Parachat VAYICHLA’H

« Il arriva, tandis qu’Israël résidait dans cette contrée, que Réouven alla cohabiter avec Bilha, concubine de son père; Israël en fut instruit… Or les enfants de Yaakov furent douze » (Beréchit XXXV, 22).

Nos sages (Chabbat 55b) sont catégoriques et affirment que celui qui dit que Réouven a fauté se trompe ! « Israël en fut instruit » (litt. il l’entendit) et il a eu peur mais une voix du ciel le rassure (Sifri) et le verset poursuit « les enfants de Yaakov furent douze : les fils de Léah, Réouven … », douze, c’est-à-dire tous dignes de leur père, tous à égalité, donc tous des Tsadikim, des Justes, Réouven inclus, sinon il n’aurait pas été cité.

Le fait est que Réouven a profané la couche de son père, en ce qu’il y a mis du désordre, et le texte lui en tient rigueur comme s’il avait commis l’adultère. Pourquoi et en quoi aurait-il troublé la couche de son père? C’est qu’après la mort de Rahel, Yaakov avait déplacé son lit, qui se trouvait constamment dans la tente de Rahel, et l’avait installé dans la tente de Bilha, sa servante. Réouven prend fait et cause pour sa mère Léah en disant : « si Rahel, la soeur de ma mère, a été sa rivale, faut-il que sa servante, Bilha, soit aussi la rivale de ma mère? » C’est pourquoi il déplace la couche de son père et la met dans la tente de sa mère (voir aussi Rachi).
Comment comprendre, cependant, que la Torah ait qualifié la conduite de Réouven de conduite incestueuse? Le Rav Haïm Fridlander zatsal dans son livre Sifté Haïm (Emouna Oubéhira tome 2, 414) répond, d’après une explication du Maharal de Prague sur une Guémara (Moëd Katan 18b), elle-même, très surprenante. La Guémara nous apprend du verset « ils furent jaloux de Moché, dans le camp… » (Téhilim CVI, 16) que chacun des enfants d’Israël « jalousait » Moché.
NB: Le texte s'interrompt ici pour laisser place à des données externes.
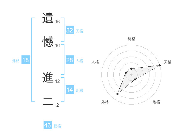 遺憾 進二さんの地格は14画の1点!
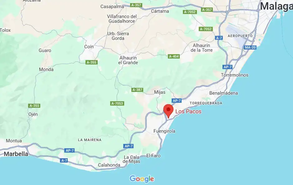 Miejscowość Los Pacos leży w prowincji Malaga nad Morzem Śródziemnym - Wybrzeże Costa del Sol (vide mapa).
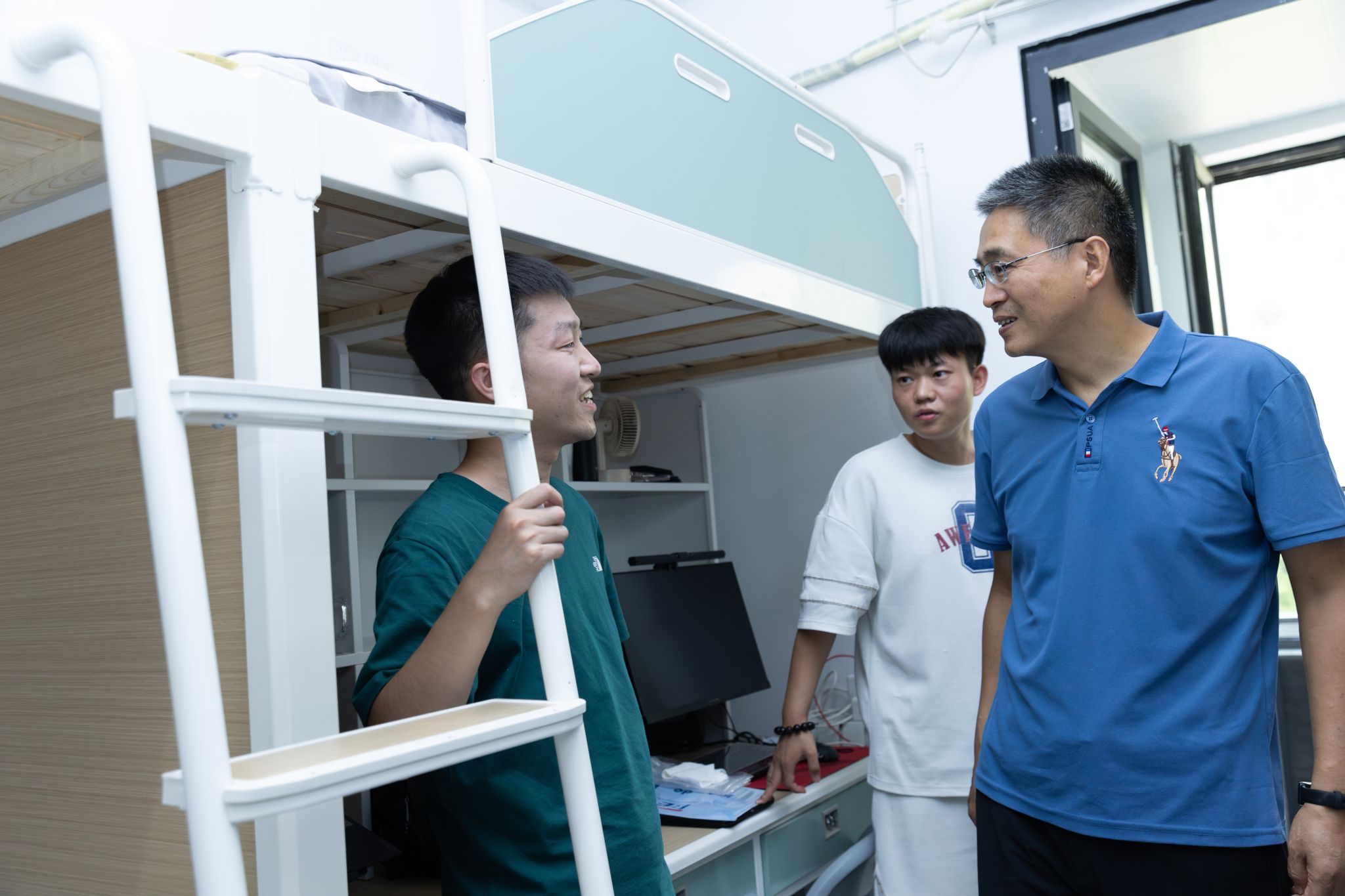 家长见面会后,学院领导与辅导员、班主任组成慰问小组,逐一走访了新生宿舍,为初入校园的同学们送上关怀与指引。走进宿舍,老师们首先亲切地与同学们及陪同家长打招呼,仔细查看了宿舍的床铺整理、物品摆放情况,询问大家是否顺利完成入住、生活必需品是否齐全、对住宿环境是否适应。在与新生的交谈中,老师们耐心倾听大家的到校感受,鼓励同学们尽快调整状态,快速融入集体生活,并主动分享了适应大学学习节奏、参与校园活动的经验建议。
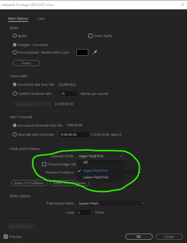 Interpret Footage "Upper-" and "Lower Field First" shows identical field
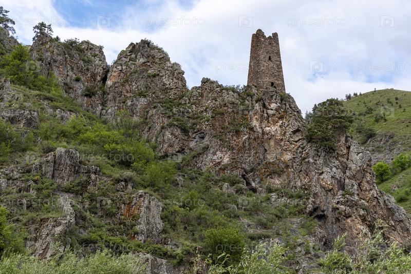 Древние ингушские башни в горах. Вовнушки, Ингушетия, Россия
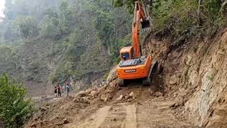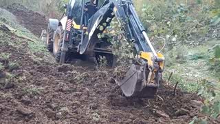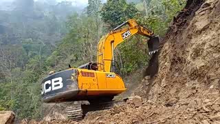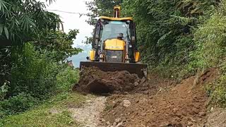 山里乡道施工,反铲装载机在拓宽路面,2头忙就是这点好能挖能推
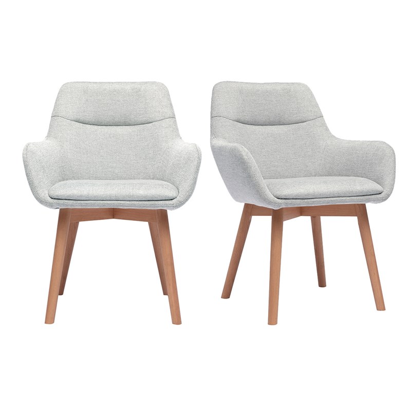 Chaises en tissu effet velours texturé gris clair et bois clair (lot de 2) aless
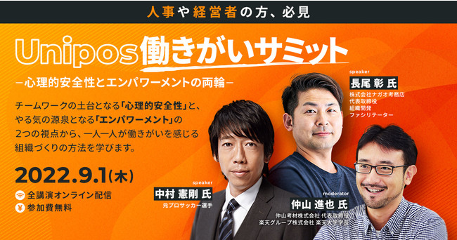 心理的安全性を高め、挑戦できる風土をつくるHRテック事業「ピアボーナス(R)︎Unipos」(以下、Unipos)を提供するUnipos株式会社(本社:東京都渋谷区、代表取締役社長CEO:田中弦)は、2022年9月1日(木)に「Unipos働きがいサミット~心理的安全性とエンパワーメントの両輪~」をオンラインで開催します。元サッカー日本代表 中村憲剛氏をゲストに、中村氏が帯コメントを書いた書籍『アオアシに学ぶ「考える葦」の育ち方: カオスな環境に強い「頭のよさ」とは』の著者・楽天大学 学長 仲山進也氏がモデレーターを務めるセッションなど全4講演を用意。一人ひとりが働きがいを感じる組織づくりの方法を学べるイベントです。
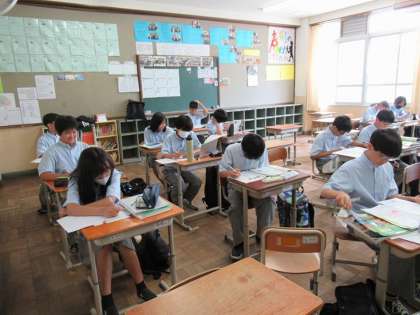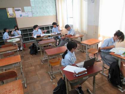 1年生では、主に社会科の学習をグループワークや先生への質問も交えて進めていましたね。美術のデッサンに取り組んでいる生徒さんもいて、各教科の課題に頑張っています。
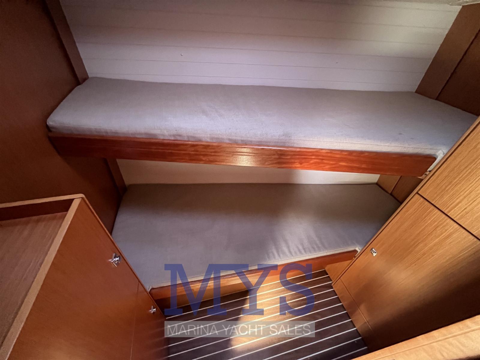 1 cabin with bunk beds forward on port side
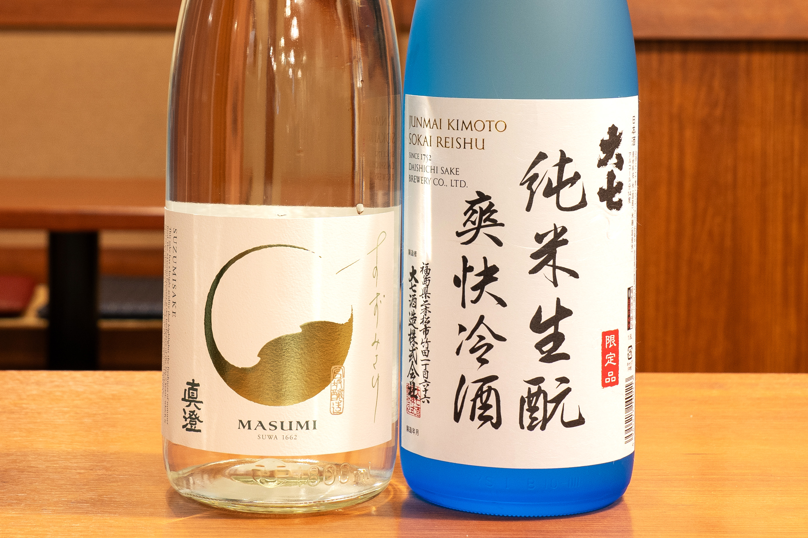 『大庄水産』は、全国の蔵元より直送される日本酒でも初夏を盛り上げます。5月は、初夏の限定メニューに合う2銘柄を用意。長野県・宮坂醸造「真澄 純米吟醸 すずみさけ」(一合850円)は、ほのかな酸味と爽やかな口当たりが特徴。「かつおレアガーリックステーキ」や「真いわしフライ」と合わせれば、後味を軽やかにまとめてくれます。福島県・大七酒造「大七 純米生酛 爽快冷酒」(一合750円)は、湧き水のような清涼感と豊かで厚みのある味わい。「真いわしの生姜煮」や「ほたるいか昆布焼き」など、素材の旨味をしっかりと引き立てます。
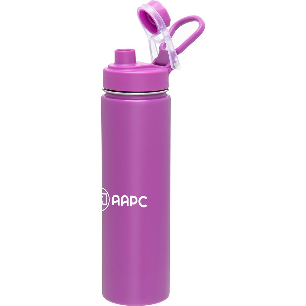 - Matching threaded lid with built-in drinking spout and hinged cap for easy access
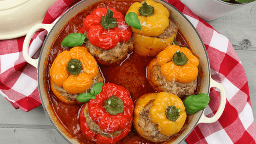 Фаршированный сладкий перец — это яркое и ароматное блюдо болгарской кухни, пропитанное теплотой домашнего очага. Считается, что традиция фарширования овощей пришла из Османской империи, но Болгария добавила свой колорит, сочетая мясо, рис и овощи. Сладкий перец, наполненный сочным фаршем, нежным рисом и обжаренными овощами, становится мягким и пропитывается насыщенным томатно-сметанным соусом. Его вкус — гармония сладости перца, сочности мяса и легкой кислинки соуса. Это блюдо универсально: его можно подать как основное горячее, украсить зеленью и дополнить сметаной, создавая настоящий уют на столе. Прекрасно подходит для семейного ужина или праздничного застолья, где аромат фаршированных перцев собирает всех за одним столом.
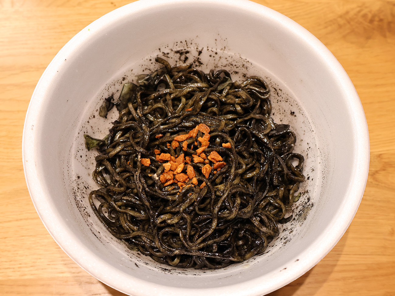 イカ墨のまぜそばなので、見た目は見事に真っ黒。かやくにイカとかキャベツが入っているのにまったく判別できなくなっています。しかもトリプルガーリックだっていうし、味も強烈そうだな〜なんて思っちゃうんですけど、これが以外にも繊細な味。ニンニクマシマシというか“イタリアンのガーリック”っていう感じにまとまっていて、ものすごく美味しい!
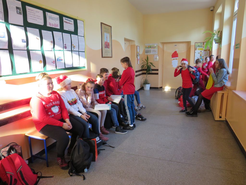 W przeddzień tradycji mikołajkowej na korytarzach Szkoły Podstawowej im. Powstańców Wielkopolskich w Wyrzysku królował kolor czerwony.
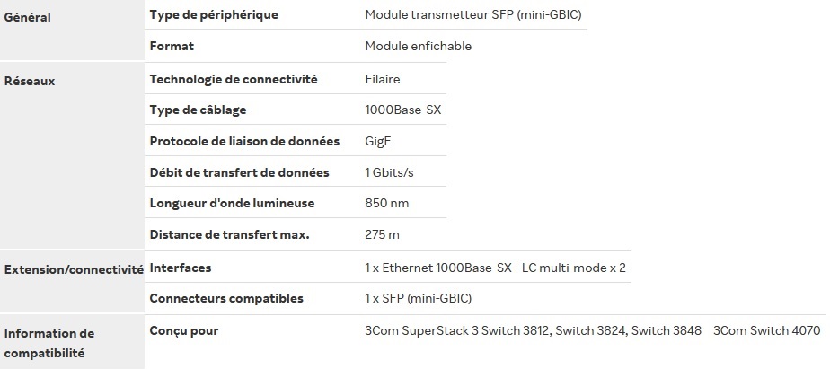 Transceiver 3com 3CSFP91 Émetteur-récepteur SFP 1,25 Gbit/s multimode 550 m 850 nm jusqu'à 275 m
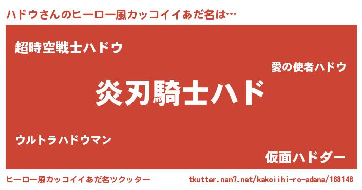| ポケモン風あだ名 | 『ヒハドウ』『ハドゴンZ』『ハードイ』 |

Ce terme « jalousait » désigne dans la Torah l’avertissement adressé par un homme à sa femme : « ne t’isole pas avec un tel ». Cette mise en garde est le début du processus qui rend la femme Sotta (soupçonnée d’adultère).

Mais peut-on vraiment imaginer que chaque homme en Israël ait recommandé à sa femme de ne pas s’isoler avec Moché, Moché Rabénou, le serviteur de D…, l’Homme au-dessus de tout soupçon ?
Le Maharal (Béér Hagola page 96) répond que dans un couple la femme est le חומר (la matière, la parure) et l’homme la צורה (la forme, l’esprit). L’homme apporte la spiritualité et définit la ligne de conduite tandis que la femme met tout en oeuvre pour aller dans cette direction. Lorsqu’un homme, extérieur, intervient dans la vie du couple, il apporte une empreinte, qui pénètre dans le couple et prend quelque part la place même du mari, ce qui peut être comparé à un adultère.

A l’époque de Moché les femmes rapportaient souvent à leur mari les recommandations de Moché sur différentes lois et la conduite à tenir. Les maris, de ce fait, perdaient leur rôle directeur dans le foyer. Cette intrusion était vécue comme si leur épouse se détournait d’eux-mêmes, et c’est pourquoi ils furent jaloux de Moché. Les femmes auraient pu rapporter simplement, les enseignements de Moché, à leur mari qui auraient, eux, défini leur place au sein de leur couple.

On comprendra dès lors le reproche fait à Réouven. Ce n’était pas à lui d’intervenir dans les choix de Yaacov. Dans son initiative il prend partiellement la place de son père, interfère dans les décisions et la vie du couple, ce qui lui est compté comme un comportement adultérin.